[What the exercise asks] Everything in the data below is left aside except the lines from the one containing "Nonetheless, the Washington" through the one containing "Логарифм частного (дроби)"; repeat those exactly.

*** Extracted material Section Begins ***

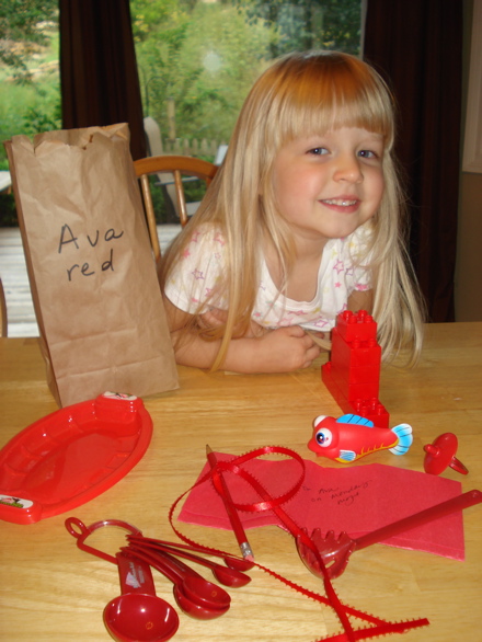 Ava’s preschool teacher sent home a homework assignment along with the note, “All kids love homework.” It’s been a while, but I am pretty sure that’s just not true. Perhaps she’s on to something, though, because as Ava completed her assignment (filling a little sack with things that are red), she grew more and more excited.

*** Extracted material Section Ends ***
*** Extracted material Section Begins ***

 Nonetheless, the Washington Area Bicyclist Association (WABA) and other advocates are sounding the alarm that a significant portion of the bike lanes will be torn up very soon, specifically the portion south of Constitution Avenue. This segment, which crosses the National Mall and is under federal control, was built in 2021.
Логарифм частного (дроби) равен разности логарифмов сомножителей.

*** Extracted material Section Ends ***
*** Extracted material Section Begins ***

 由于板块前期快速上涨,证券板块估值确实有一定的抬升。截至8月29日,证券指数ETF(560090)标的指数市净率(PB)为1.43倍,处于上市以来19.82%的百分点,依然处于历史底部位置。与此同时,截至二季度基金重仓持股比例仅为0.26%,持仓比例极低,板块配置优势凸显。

*** Extracted material Section Ends ***

[Answer for this exercise]
 Nonetheless, the Washington Area Bicyclist Association (WABA) and other advocates are sounding the alarm that a significant portion of the bike lanes will be torn up very soon, specifically the portion south of Constitution Avenue. This segment, which crosses the National Mall and is under federal control, was built in 2021.
Логарифм частного (дроби) равен разности логарифмов сомножителей.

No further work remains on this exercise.